=== Begin Enclosure ===

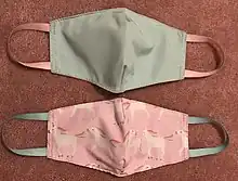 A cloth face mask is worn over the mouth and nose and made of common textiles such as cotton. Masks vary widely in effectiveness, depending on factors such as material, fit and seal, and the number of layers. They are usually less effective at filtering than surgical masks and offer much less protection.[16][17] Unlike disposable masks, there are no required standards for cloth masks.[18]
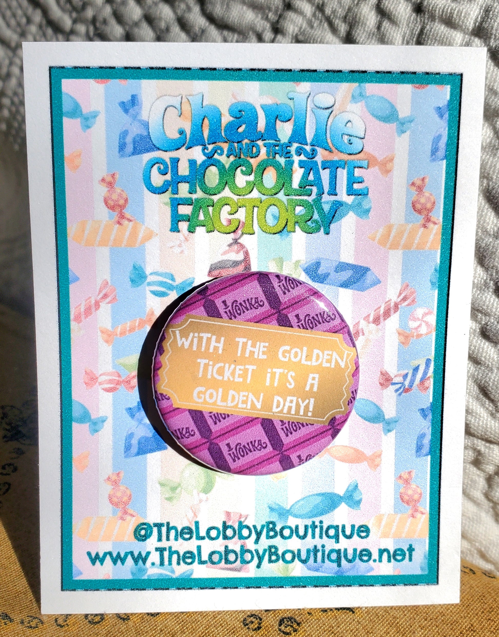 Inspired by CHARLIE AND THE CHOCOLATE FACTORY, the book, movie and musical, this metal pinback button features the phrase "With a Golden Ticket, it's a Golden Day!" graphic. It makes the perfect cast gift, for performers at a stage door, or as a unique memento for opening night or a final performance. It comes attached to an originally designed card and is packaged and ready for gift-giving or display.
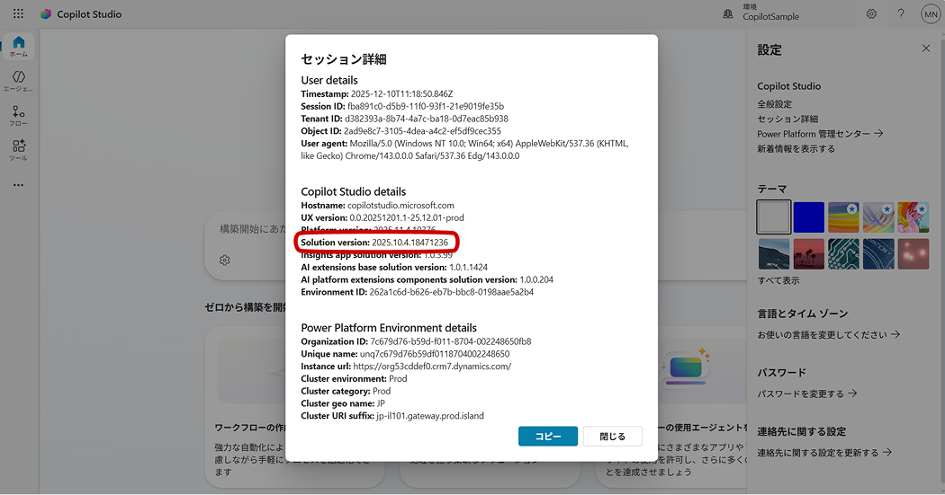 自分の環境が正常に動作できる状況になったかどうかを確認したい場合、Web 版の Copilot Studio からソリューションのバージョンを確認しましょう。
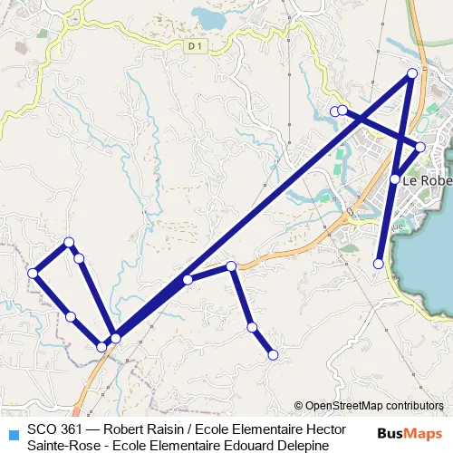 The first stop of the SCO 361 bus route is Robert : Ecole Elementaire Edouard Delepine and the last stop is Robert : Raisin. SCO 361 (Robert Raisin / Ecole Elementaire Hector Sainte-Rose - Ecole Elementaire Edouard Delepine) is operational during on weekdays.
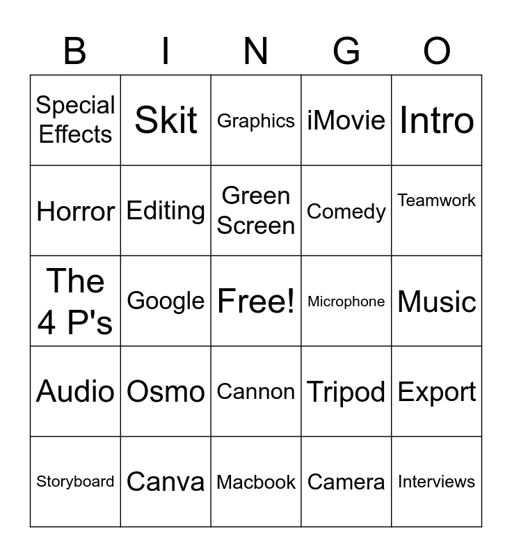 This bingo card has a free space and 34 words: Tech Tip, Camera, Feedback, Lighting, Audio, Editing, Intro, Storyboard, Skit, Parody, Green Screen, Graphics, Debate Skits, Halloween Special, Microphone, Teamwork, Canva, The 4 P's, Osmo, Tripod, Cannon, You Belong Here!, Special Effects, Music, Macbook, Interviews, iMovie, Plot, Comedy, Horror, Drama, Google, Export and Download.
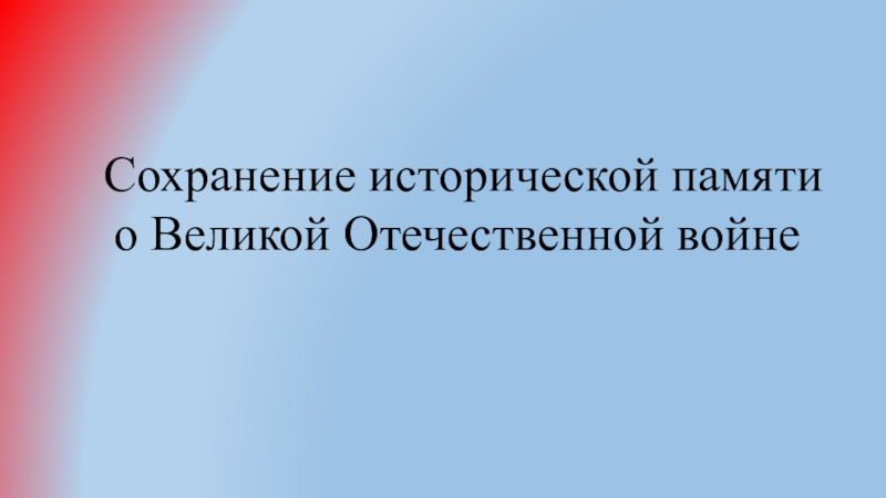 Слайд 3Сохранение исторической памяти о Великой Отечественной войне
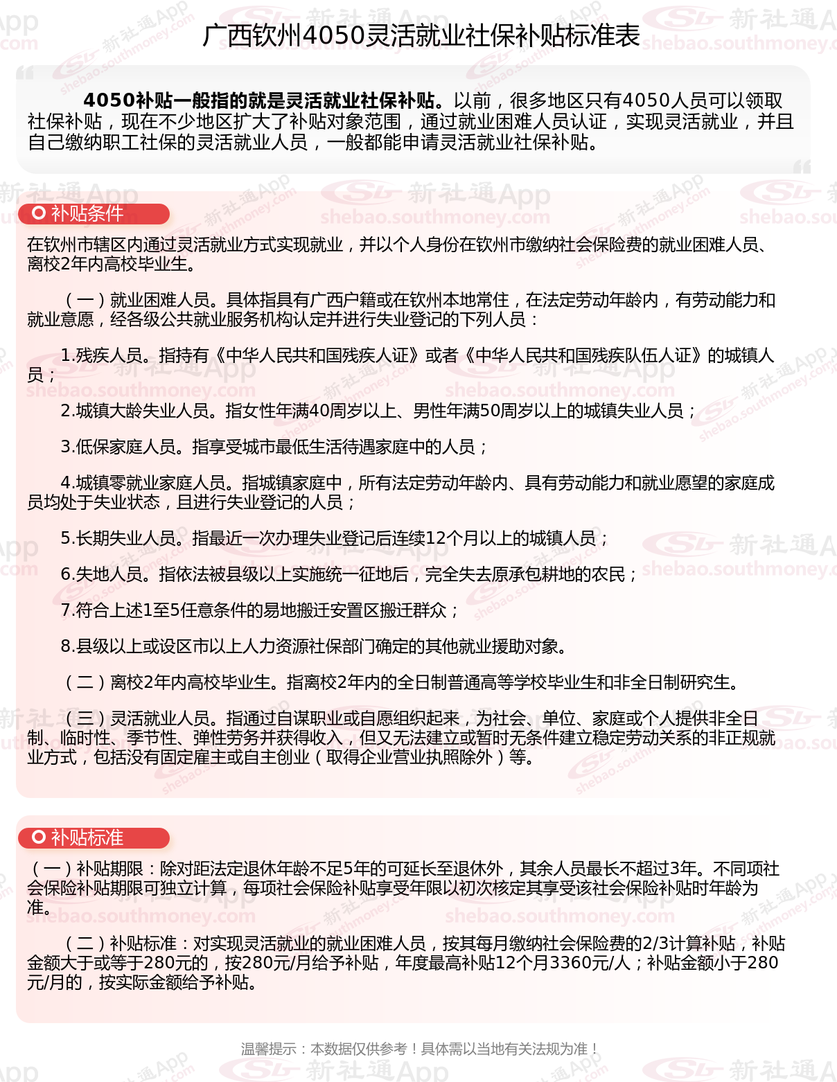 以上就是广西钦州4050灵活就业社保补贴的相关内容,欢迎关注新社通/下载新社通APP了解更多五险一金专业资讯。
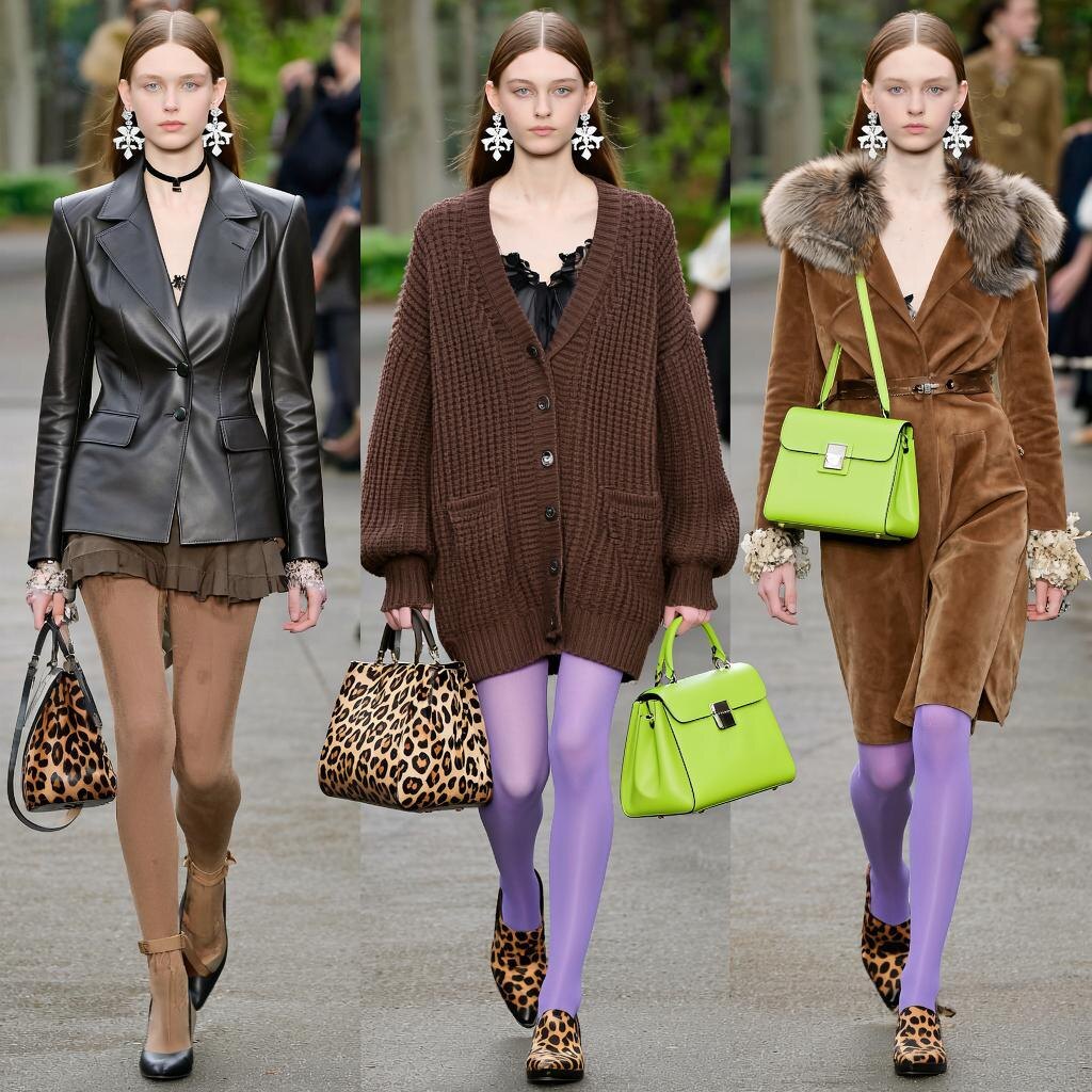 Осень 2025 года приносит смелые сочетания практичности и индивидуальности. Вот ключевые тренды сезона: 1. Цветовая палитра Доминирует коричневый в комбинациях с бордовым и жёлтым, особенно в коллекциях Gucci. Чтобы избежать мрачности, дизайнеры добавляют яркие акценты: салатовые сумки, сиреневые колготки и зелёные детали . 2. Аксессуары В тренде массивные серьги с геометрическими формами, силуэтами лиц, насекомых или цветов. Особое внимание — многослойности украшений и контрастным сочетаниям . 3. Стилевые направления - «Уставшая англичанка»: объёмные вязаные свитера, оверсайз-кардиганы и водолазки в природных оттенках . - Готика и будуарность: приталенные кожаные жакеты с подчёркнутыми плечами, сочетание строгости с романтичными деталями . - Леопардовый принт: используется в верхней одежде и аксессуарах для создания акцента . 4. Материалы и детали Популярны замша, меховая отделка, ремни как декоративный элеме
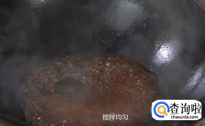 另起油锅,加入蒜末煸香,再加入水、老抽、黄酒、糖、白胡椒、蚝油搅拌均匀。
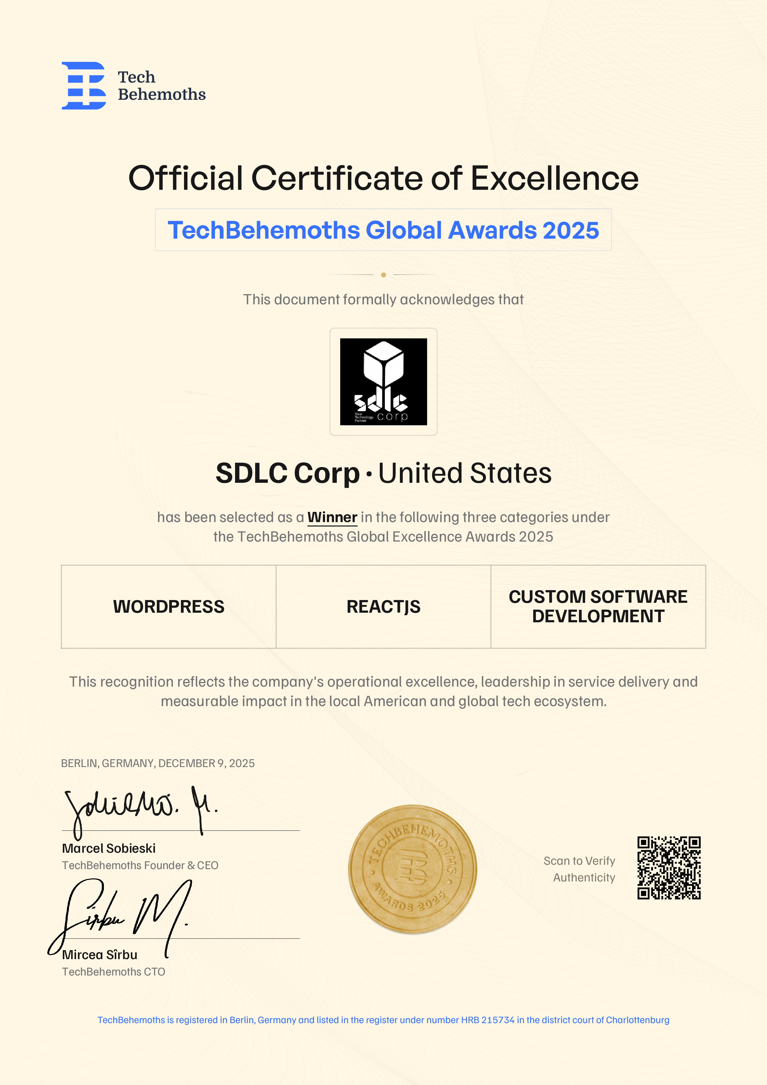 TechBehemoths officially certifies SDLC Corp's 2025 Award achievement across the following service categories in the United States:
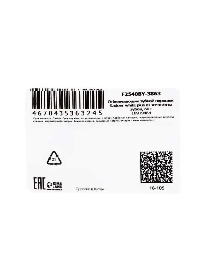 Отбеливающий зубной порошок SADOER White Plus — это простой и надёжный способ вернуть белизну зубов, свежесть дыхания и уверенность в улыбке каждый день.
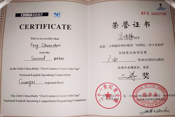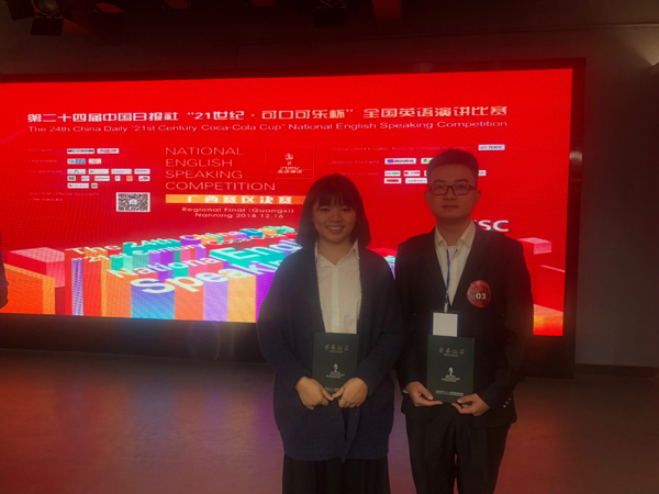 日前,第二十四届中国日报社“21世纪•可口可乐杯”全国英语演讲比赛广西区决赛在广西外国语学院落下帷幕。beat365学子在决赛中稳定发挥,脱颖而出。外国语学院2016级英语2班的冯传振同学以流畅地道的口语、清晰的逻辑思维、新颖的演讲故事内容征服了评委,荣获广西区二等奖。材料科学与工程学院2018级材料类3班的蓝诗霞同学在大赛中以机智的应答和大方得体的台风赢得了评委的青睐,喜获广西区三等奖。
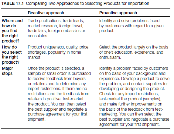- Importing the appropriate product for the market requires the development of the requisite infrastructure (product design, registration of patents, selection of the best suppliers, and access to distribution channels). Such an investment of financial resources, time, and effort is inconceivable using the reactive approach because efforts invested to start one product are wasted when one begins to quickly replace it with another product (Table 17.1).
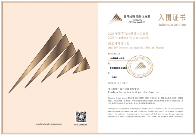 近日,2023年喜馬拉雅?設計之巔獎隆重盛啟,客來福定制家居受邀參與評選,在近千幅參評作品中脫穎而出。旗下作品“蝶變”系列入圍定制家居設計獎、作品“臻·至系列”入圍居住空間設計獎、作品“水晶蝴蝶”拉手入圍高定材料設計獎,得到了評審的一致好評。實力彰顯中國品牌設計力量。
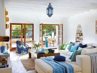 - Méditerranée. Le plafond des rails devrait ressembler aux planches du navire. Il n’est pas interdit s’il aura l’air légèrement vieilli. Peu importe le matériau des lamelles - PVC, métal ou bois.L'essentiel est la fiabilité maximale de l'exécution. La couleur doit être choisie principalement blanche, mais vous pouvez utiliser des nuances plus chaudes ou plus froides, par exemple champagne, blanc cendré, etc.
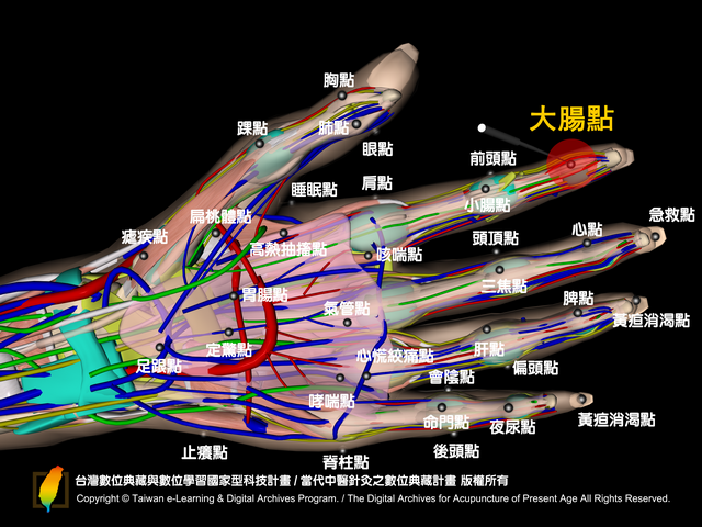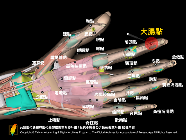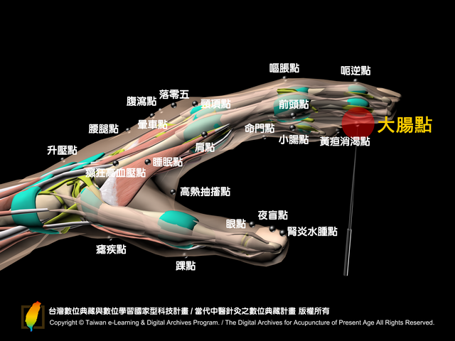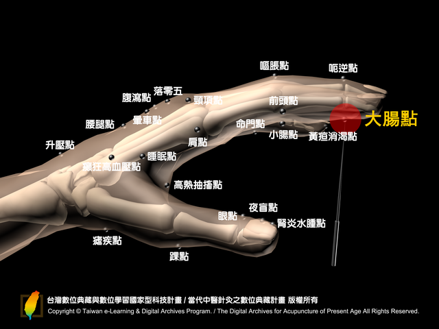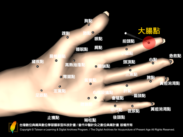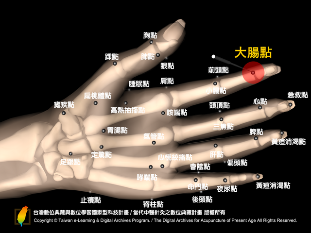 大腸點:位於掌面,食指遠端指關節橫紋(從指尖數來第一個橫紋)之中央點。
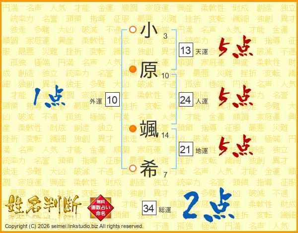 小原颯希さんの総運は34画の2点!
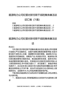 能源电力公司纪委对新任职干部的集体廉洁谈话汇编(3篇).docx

=== End Enclosure ===

### [What you have to do]
Leaving each picture behind, please give again exactly the lines above from the one with "Отбеливающий зубной порошок" through the one with "近日,2023年喜馬拉雅?設", both included, and no others.

### [Task output]
 Отбеливающий зубной порошок SADOER White Plus — это простой и надёжный способ вернуть белизну зубов, свежесть дыхания и уверенность в улыбке каждый день.
 日前,第二十四届中国日报社“21世纪•可口可乐杯”全国英语演讲比赛广西区决赛在广西外国语学院落下帷幕。beat365学子在决赛中稳定发挥,脱颖而出。外国语学院2016级英语2班的冯传振同学以流畅地道的口语、清晰的逻辑思维、新颖的演讲故事内容征服了评委,荣获广西区二等奖。材料科学与工程学院2018级材料类3班的蓝诗霞同学在大赛中以机智的应答和大方得体的台风赢得了评委的青睐,喜获广西区三等奖。
- Importing the appropriate product for the market requires the development of the requisite infrastructure (product design, registration of patents, selection of the best suppliers, and access to distribution channels). Such an investment of financial resources, time, and effort is inconceivable using the reactive approach because efforts invested to start one product are wasted when one begins to quickly replace it with another product (Table 17.1).
 近日,2023年喜馬拉雅?設計之巔獎隆重盛啟,客來福定制家居受邀參與評選,在近千幅參評作品中脫穎而出。旗下作品“蝶變”系列入圍定制家居設計獎、作品“臻·至系列”入圍居住空間設計獎、作品“水晶蝴蝶”拉手入圍高定材料設計獎,得到了評審的一致好評。實力彰顯中國品牌設計力量。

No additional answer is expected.